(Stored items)
********

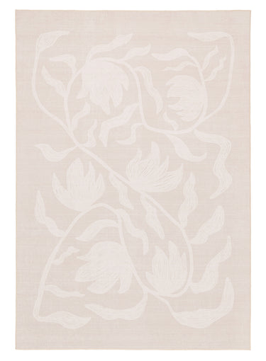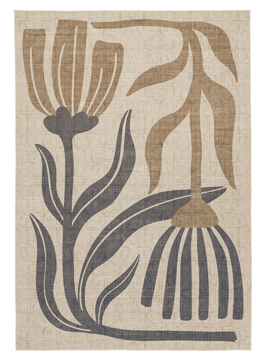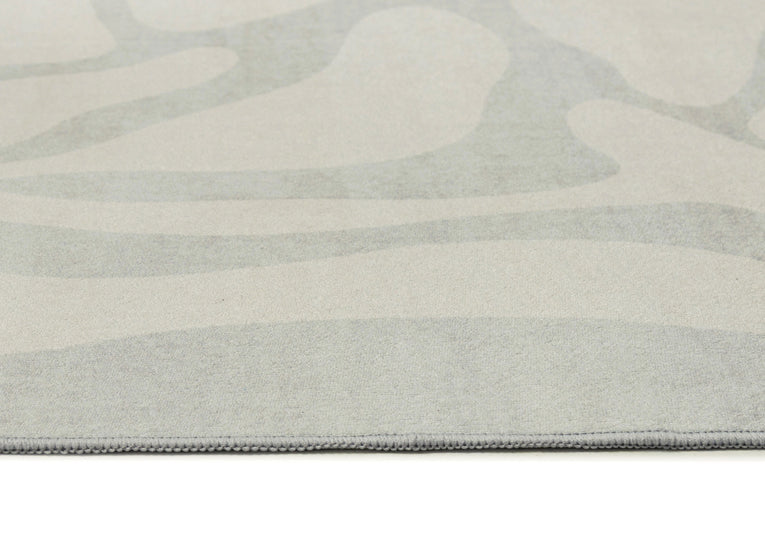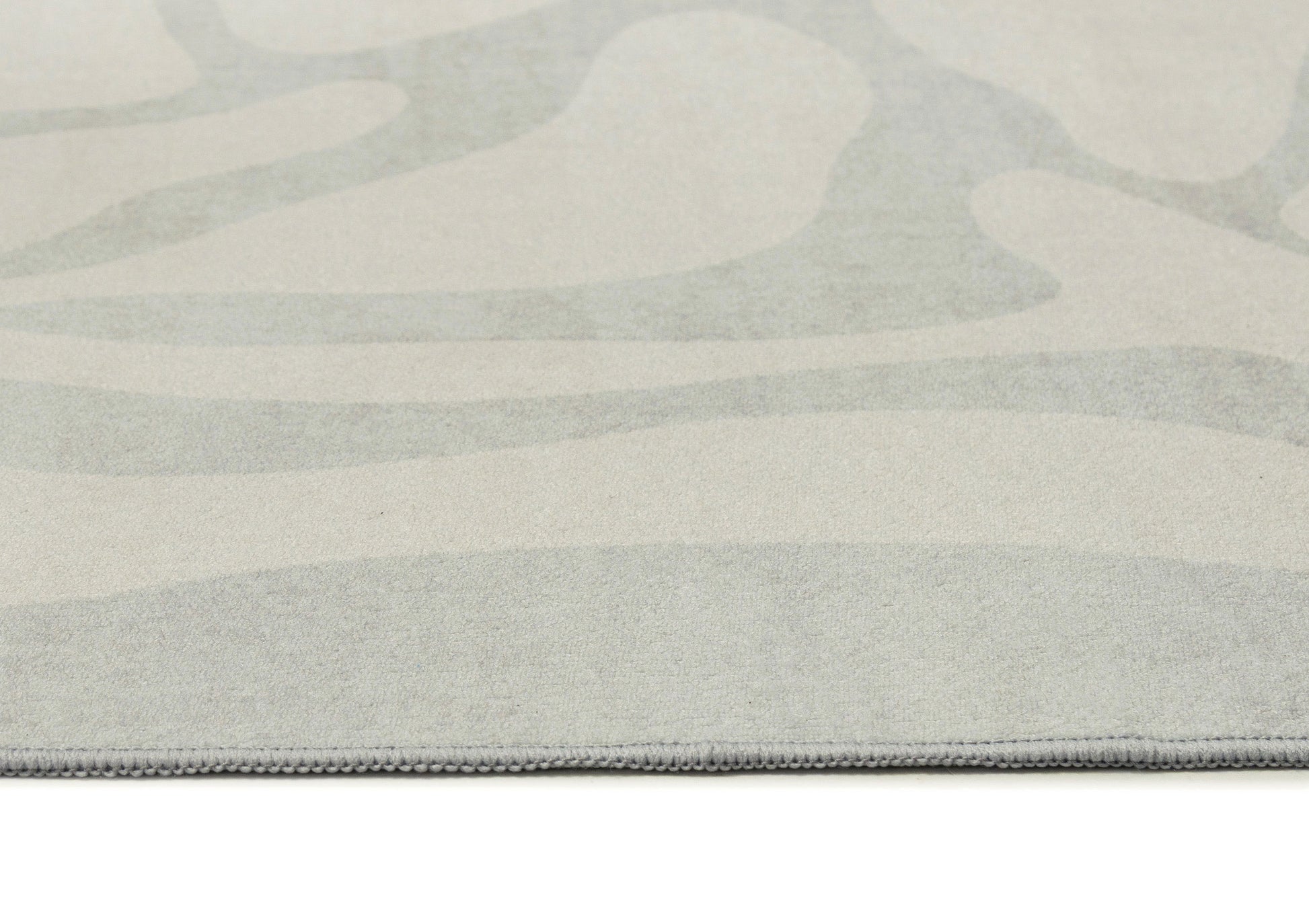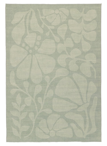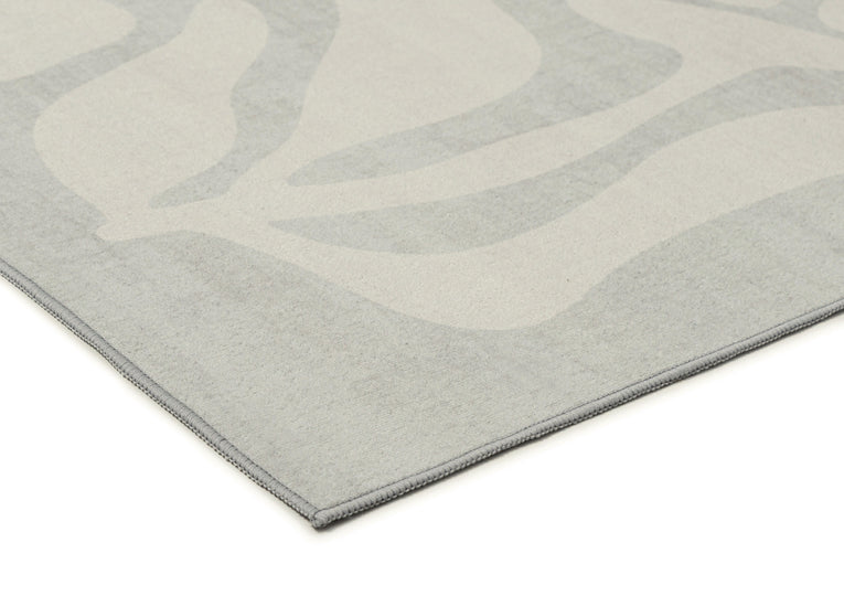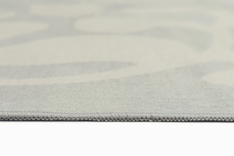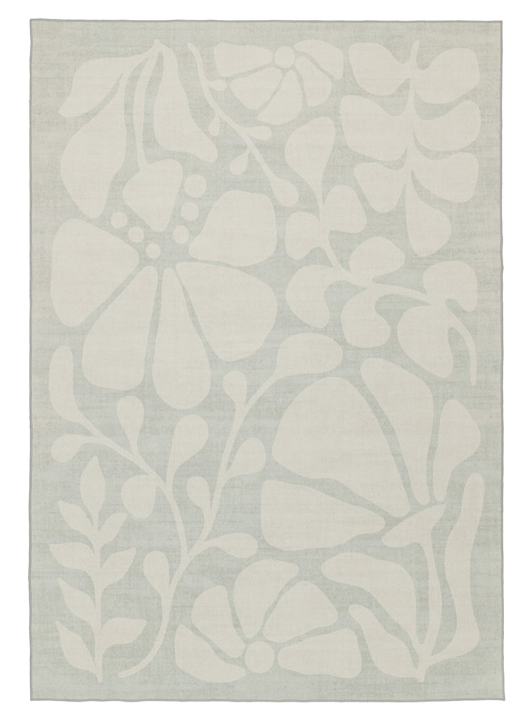Tani is a smooth, machine-washable, and foldable flatweave rug in light grey and blue tones with an abstract botanical design. A versatile and timeless addition to any space.
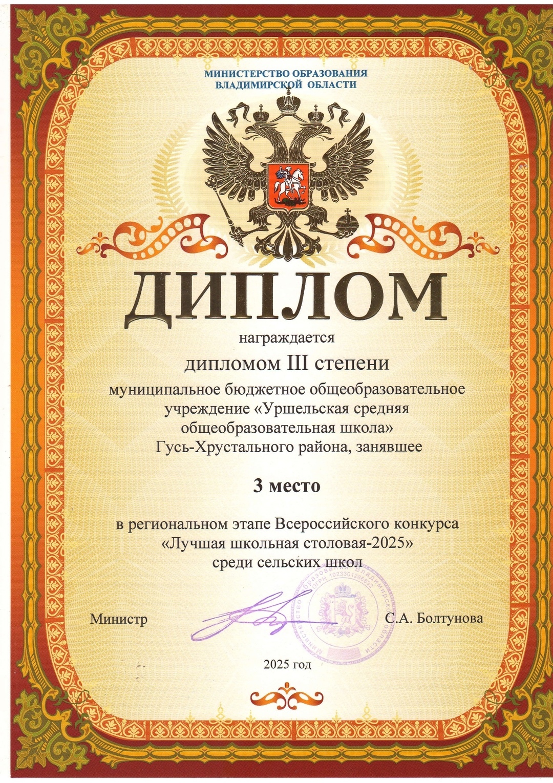 С 15 апреля по 30 мая 2025 года были проведены муниципальный и региональный этапы Всероссийского конкурса «Лучшая школьная столовая». В региональном этапе конкурса приняли участие 16 общеобразовательных организаций области. Гусь-Хрустальный район на конкурсе представляла Уршельская средняя общеобразовательная школа, которая стала призером конкурса и заняла почетное III место среди сельских школ.
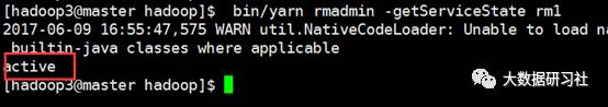 [hadoop3@master hadoop]$ bin/yarn --daemon start resourcemanager
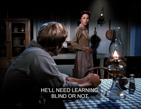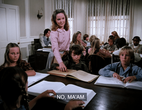I can’t remember on which occasions Pa said he didn’t care whether she went to school or not, but it’s Saturday and I’d like to get this recap out and enjoy the rest of my evening, so I’m not going to bother hunting for them. I think there were a couple of them.
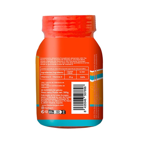 The Doctor Gummies Vitamina D com sabor a pêssego contém vitaminas que ajudam a fortalecer o sistema imunológico, os ossos e dentes.
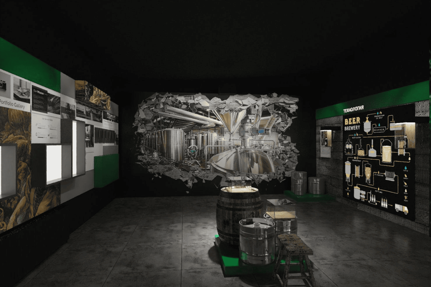 Во втором зале представлена история компании «Бавария». Используя мультимедийные технологии, гости могут проследить весь путь продукта – от зерна до готового напитка – и увидеть, как создаются вкусы, знакомые многим поколениям.
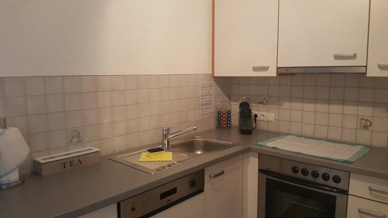 Die Ferienwohnung verfügt über ein Schlafzimmer, ein Wohnzimmer mit einem TV, eine voll ausgestattete Küche mit einem Kühlschrank und einem Geschirrspüler sowie ein Badezimmer mit einem Haartrockner. Handtücher und Bettwäsche sind in der Unterkunft inklusive.
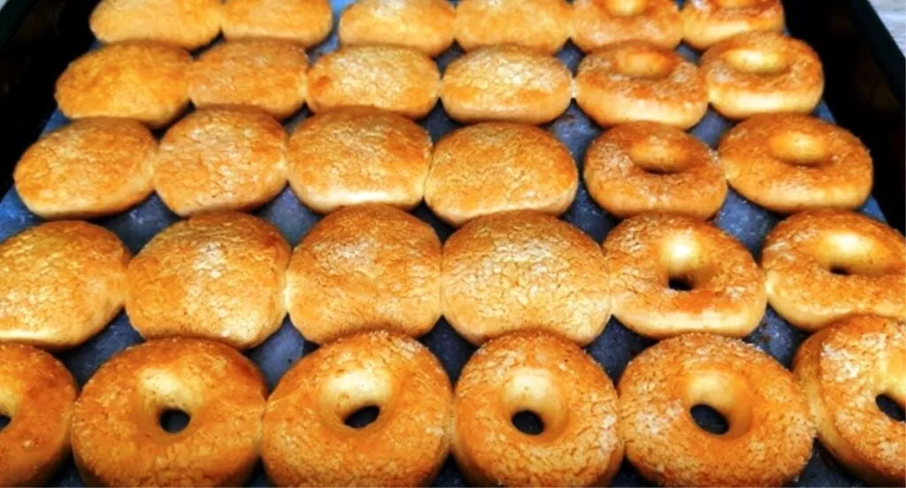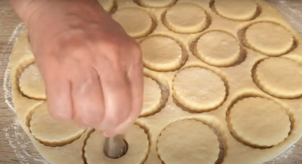 Розкочуємо еластичне тісто в пласт завтовшки 0,5 см. За допомогою склянки ділимо тісто на круги. У частині кіл із тіста робимо отвір всередині.
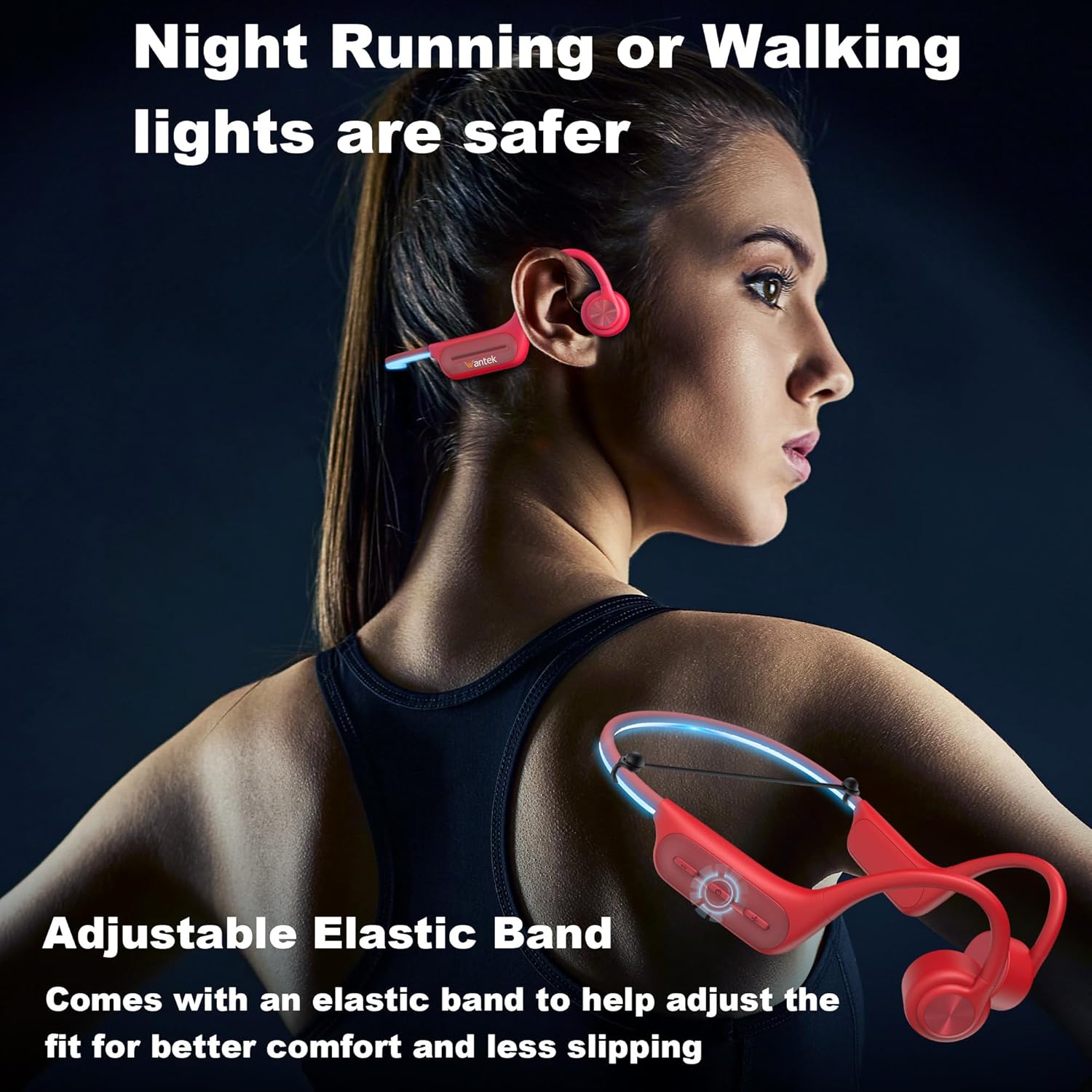 Wantek Open Ear Headphones,Bone Conduction Bluetooth Headphones with Built-in 32GB MP3 Player,IP68 Waterproof Swimming Headphone,8H Playtime for Running,Cycling,Gym,Workout
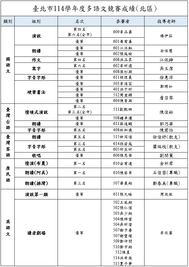 感謝指導老師們在學期中、寒暑假不間斷的指導,也恭喜獲獎的小朋友^^
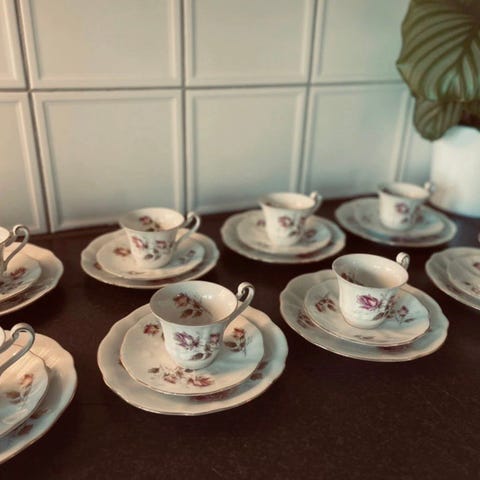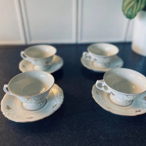 Säljer ett vackert set med 6 kaffekoppar och tillhörande fat i finare porslin från Gladstone, tillverkat i England.
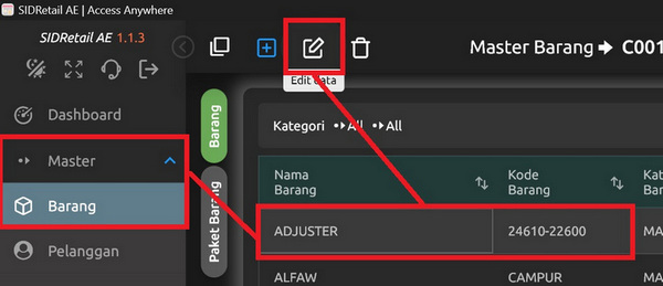 klik menu master > klik master barang > pilih barang yang akan disetting bisa ubah harga jual saat di penjualan barang > klik ikon edit, seperti gambar di bawah ini
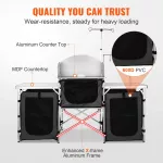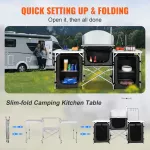 Transform any outdoor adventure into a gourmet experience with this folding camping kitchen table. Designed for convenience, durability, and style, it’s the perfect companion for campers, RV travelers, backyard chefs, and picnic lovers. Whether you’re grilling by the beach, preparing breakfast in the mountains, or hosting a backyard BBQ, this table gives you a stable, organized, and efficient cooking space wherever you go.Built for Durability & Easy Setup

********

# Directions for this task:
Without the pictures, return each entry exactly as given.

# Answer box:
Tani is a smooth, machine-washable, and foldable flatweave rug in light grey and blue tones with an abstract botanical design. A versatile and timeless addition to any space.
 С 15 апреля по 30 мая 2025 года были проведены муниципальный и региональный этапы Всероссийского конкурса «Лучшая школьная столовая». В региональном этапе конкурса приняли участие 16 общеобразовательных организаций области. Гусь-Хрустальный район на конкурсе представляла Уршельская средняя общеобразовательная школа, которая стала призером конкурса и заняла почетное III место среди сельских школ.
 [hadoop3@master hadoop]$ bin/yarn --daemon start resourcemanager
I can’t remember on which occasions Pa said he didn’t care whether she went to school or not, but it’s Saturday and I’d like to get this recap out and enjoy the rest of my evening, so I’m not going to bother hunting for them. I think there were a couple of them.
 The Doctor Gummies Vitamina D com sabor a pêssego contém vitaminas que ajudam a fortalecer o sistema imunológico, os ossos e dentes.
 Во втором зале представлена история компании «Бавария». Используя мультимедийные технологии, гости могут проследить весь путь продукта – от зерна до готового напитка – и увидеть, как создаются вкусы, знакомые многим поколениям.
 Die Ferienwohnung verfügt über ein Schlafzimmer, ein Wohnzimmer mit einem TV, eine voll ausgestattete Küche mit einem Kühlschrank und einem Geschirrspüler sowie ein Badezimmer mit einem Haartrockner. Handtücher und Bettwäsche sind in der Unterkunft inklusive.
 Розкочуємо еластичне тісто в пласт завтовшки 0,5 см. За допомогою склянки ділимо тісто на круги. У частині кіл із тіста робимо отвір всередині.
 Wantek Open Ear Headphones,Bone Conduction Bluetooth Headphones with Built-in 32GB MP3 Player,IP68 Waterproof Swimming Headphone,8H Playtime for Running,Cycling,Gym,Workout
 感謝指導老師們在學期中、寒暑假不間斷的指導,也恭喜獲獎的小朋友^^
 Säljer ett vackert set med 6 kaffekoppar och tillhörande fat i finare porslin från Gladstone, tillverkat i England.
 klik menu master > klik master barang > pilih barang yang akan disetting bisa ubah harga jual saat di penjualan barang > klik ikon edit, seperti gambar di bawah ini
 Transform any outdoor adventure into a gourmet experience with this folding camping kitchen table. Designed for convenience, durability, and style, it’s the perfect companion for campers, RV travelers, backyard chefs, and picnic lovers. Whether you’re grilling by the beach, preparing breakfast in the mountains, or hosting a backyard BBQ, this table gives you a stable, organized, and efficient cooking space wherever you go.Built for Durability & Easy Setup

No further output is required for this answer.